→ **DATA RECORDS**
═══

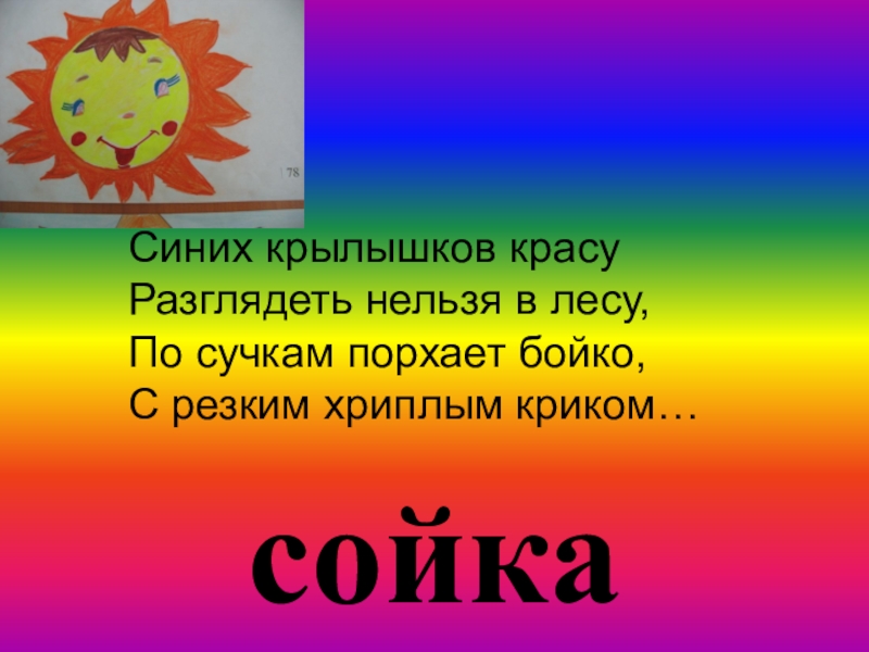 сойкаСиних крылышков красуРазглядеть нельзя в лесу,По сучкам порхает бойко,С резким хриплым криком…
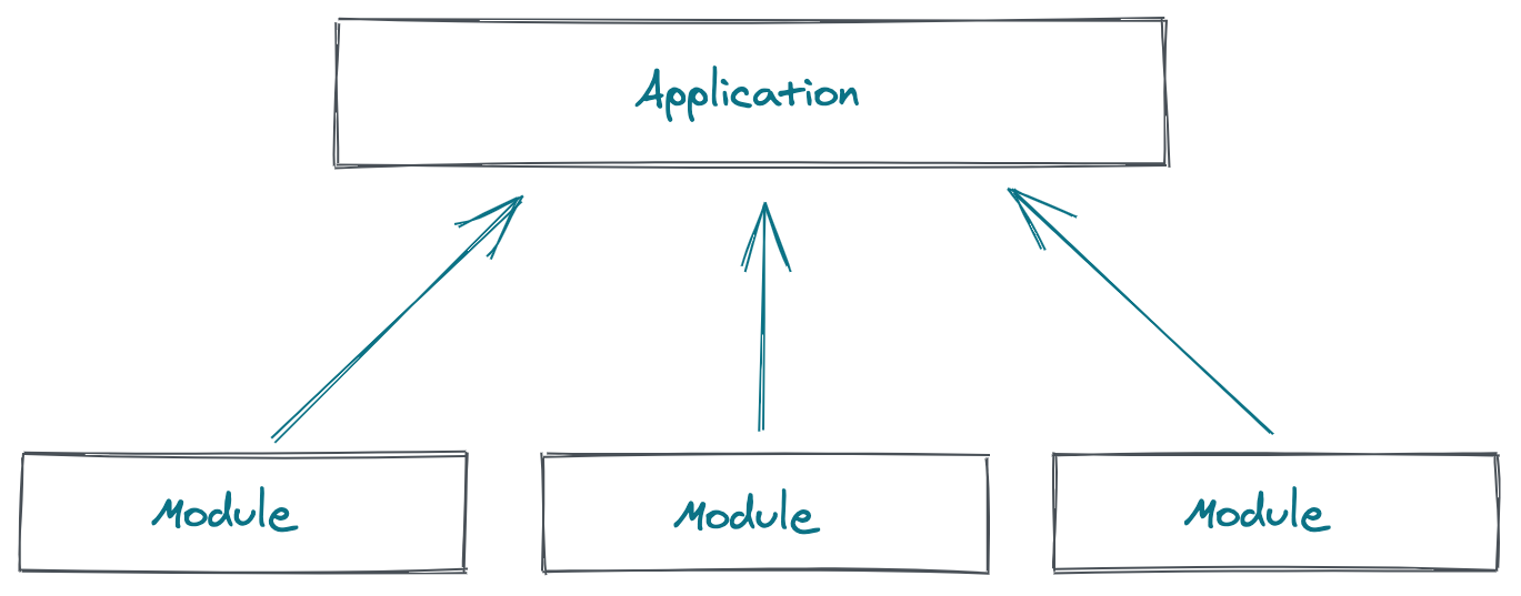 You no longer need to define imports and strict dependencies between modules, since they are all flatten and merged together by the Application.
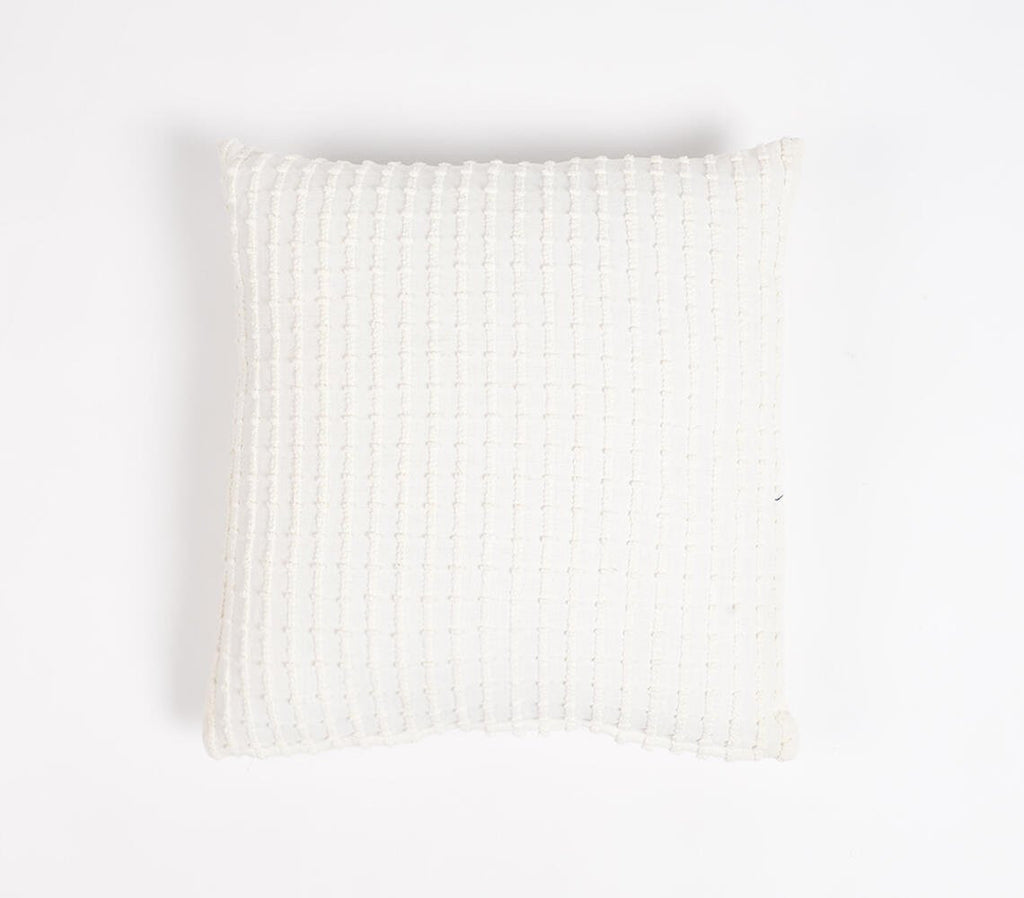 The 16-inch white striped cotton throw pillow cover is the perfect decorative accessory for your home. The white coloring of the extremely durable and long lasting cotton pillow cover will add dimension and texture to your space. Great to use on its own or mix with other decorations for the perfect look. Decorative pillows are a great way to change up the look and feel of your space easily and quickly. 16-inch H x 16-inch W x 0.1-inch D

═══

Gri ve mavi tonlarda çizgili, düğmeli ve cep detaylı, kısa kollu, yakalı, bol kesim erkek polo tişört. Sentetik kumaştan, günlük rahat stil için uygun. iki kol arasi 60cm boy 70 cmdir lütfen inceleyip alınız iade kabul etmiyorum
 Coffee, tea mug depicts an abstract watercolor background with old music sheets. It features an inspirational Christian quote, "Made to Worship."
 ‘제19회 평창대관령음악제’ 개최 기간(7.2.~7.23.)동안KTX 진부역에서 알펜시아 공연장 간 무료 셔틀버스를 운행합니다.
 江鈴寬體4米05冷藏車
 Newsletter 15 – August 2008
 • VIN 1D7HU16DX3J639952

═══

→ **EXERCISE PROMPT**
Give again the stretch of lines above from the one with "сойкаСиних крылышков красуРазглядеть" through the one with "The 16-inch white", both ends kept, and copy no pictures.

→ **SOLVED PROBLEM**
 сойкаСиних крылышков красуРазглядеть нельзя в лесу,По сучкам порхает бойко,С резким хриплым криком…
 You no longer need to define imports and strict dependencies between modules, since they are all flatten and merged together by the Application.
 The 16-inch white striped cotton throw pillow cover is the perfect decorative accessory for your home. The white coloring of the extremely durable and long lasting cotton pillow cover will add dimension and texture to your space. Great to use on its own or mix with other decorations for the perfect look. Decorative pillows are a great way to change up the look and feel of your space easily and quickly. 16-inch H x 16-inch W x 0.1-inch D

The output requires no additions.